Infection of cells expressing CD4 and the 5552 or Δ4 chimeric coreceptors. U87 cells were transiently transfected with plasmids expressing CD4 and the chimeric coreceptors 5552 (amino terminus, ECL1 and ECL2 of CCR5, and ECL3 of CCR2b) or Δ4 (deletion of the first four amino acids in the amino terminus of CCR5), and subsequently infected with supernatants containing env-pseudotyped, luciferase viruses (p24^gag [5 ng/ml]). Luciferase activity is shown as the percentage with respect to wild-type CCR5 for each virus and experiment. Horizontal lines represent the median of each group of data. For the 5552 chimera, rBORI infections were significantly less efficient than rB15 and rV1V2 infections (Wilcoxon's rank-sum test: P < 0.001 in both cases). For the Δ4 mutant, rBORI infected significantly less than rB15 and rV1V2 (P < 0.01 and P < 0.02, respectively).

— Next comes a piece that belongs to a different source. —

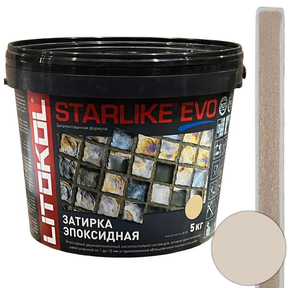Затирка для плитки двухкомпонентная на эпоксидной основе Litokol Starlike EVO (5кг) S.208 sabbia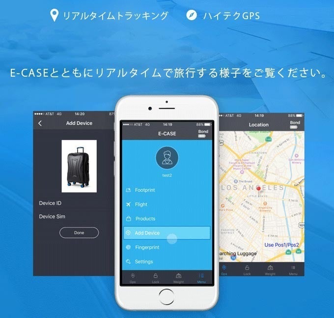 E-CASEはキャリーバッグ市場で最も正確なリアルタイムGPSシステムを搭載しています

CCR5 amino-terminal deletion mutants.

Deletion of the amino-terminal 12 or 16 amino acids (Δ12 and Δ16, respectively) abolished the coreceptor function of CCR5 (Table 2), whereas the mutant coreceptor containing a deletion of the last eight amino acids (Δ8) supported a low level infection by all pseudotypes. However, when only four amino acids were deleted from the amino terminus, there were statistically significant differences in the use of the mutant molecule by the envelopes. The rBORI pseudotype gave a less robust signal than rB15 or rV1V2 (Wilcoxon's rank-sum test: P < 0.01 and P < 0.02, respectively) (Fig. 4). The statistical significance of the difference was confirmed using Wilcoxon's matched-pairs signed-rank test and Student's t tests for independent and paired samples.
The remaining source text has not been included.